The current TMDA scheme of a digitally secured email addresses doesn't work, as the spammer will immediately use this to send a confirmation (assuming it is widely enough used to be worth their while) assuming their spambot is directly connected.
We've only seen one instance of this in two months.
I've seen too, only once, but it was not due to a spammer replying to my challenge.
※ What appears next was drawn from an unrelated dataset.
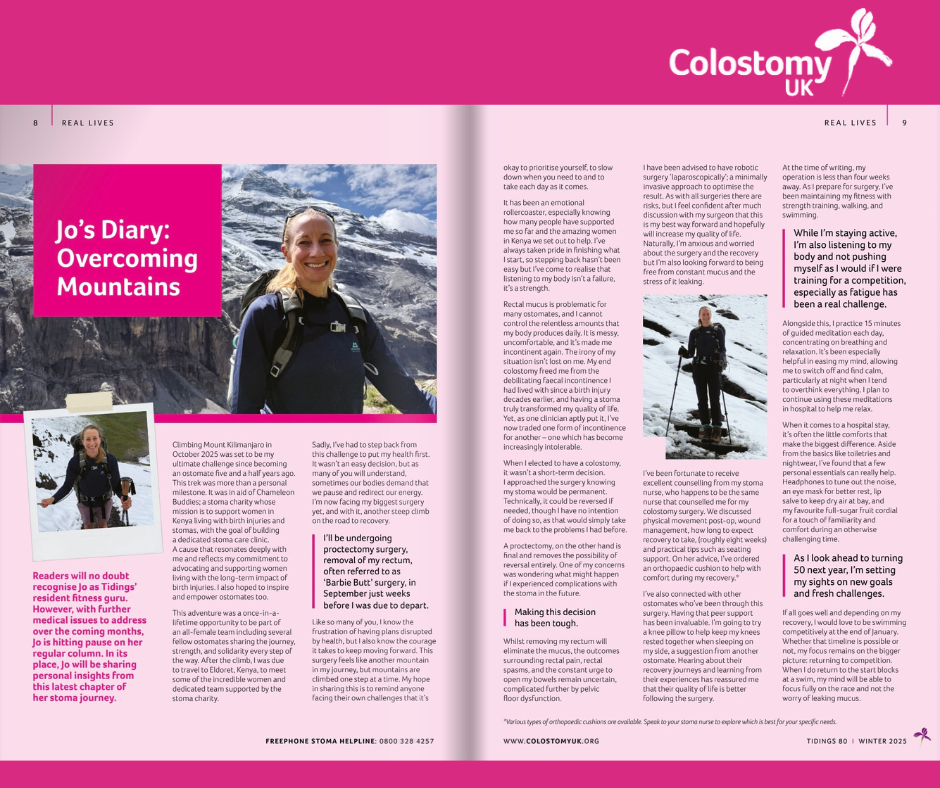 Writing for Colostomy UK’s ‘Tidings’ magazine

It was due to some poor joe-jobbed machine which had a mis-configured MTA. Basicly this happened:
- Spammer sent with envelope of <[EMAIL PROTECTED]>.
- TMDA sent challenge to that envelope.
- The MTA at poorguy.domain.com sent a "There is no such user joe" reply, but instead of properly sending to the envelope of my challenge, it improperly sent to the reply-to address.
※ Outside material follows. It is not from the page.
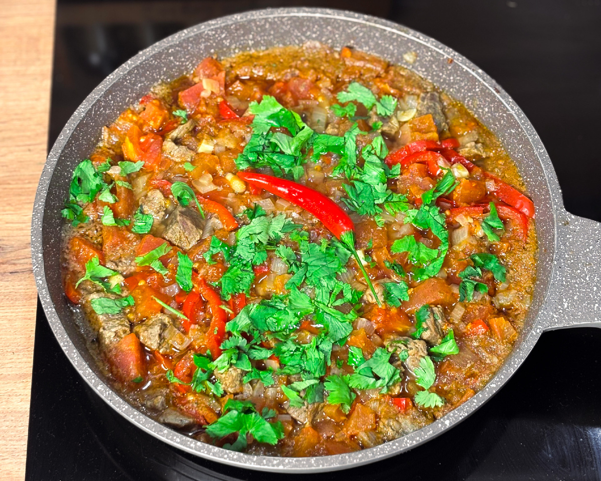 Чашушули точно одно из самых вкусных традиционных грузинских блюд! Даже если вы никогда не были в Грузии, этот рецепт поможет вам прочувствовать её колорит. Блюдо готовится несложно, но требует терпения, чтобы мясо стало нежным и полностью впитало аромат специй. Интересный факт, что Чашушули переводится с грузинского как «тушёный», и на родине его традиционно готовят из телятины, хотя можно использовать и говядину — всё зависит от ваших предпочтений и доступности продуктов. Если захотите сохранить аутентичность, подавайте Чашушули со свежим лавашем или лепёшкой! Ингредиенты: Приготовление: Подготовка ингредиентов Говядину нарежьте средними кусками (примерно 2,5×2,5 см). Лук порежьте полукольцами. Чеснок измельчите. Болгарский перец промойте, удалите сердцевину и косточки, нарежьте полосочками или кубиками. Помидоры ошпарьте кипятком, снимите кожицу и измельчите (по желанию нарежьте мелкими кубиками). Обжарка мяса В казане или глубокой сковороде разогрейте растительное масло.

- Thus the spammer's original message was released.
I actually get more spam these days from spammers abusing the Habaes warrant mark than because any mail released via challenge responses.
It is my hope that something like SPF (http://spf.pobox.com) will eventually cut down on the joe-jobs on the internet in general, and this will solve many more problems than just the one I've mentioned above.
-- Jim Ramsay "Me fail English? That's unpossible!"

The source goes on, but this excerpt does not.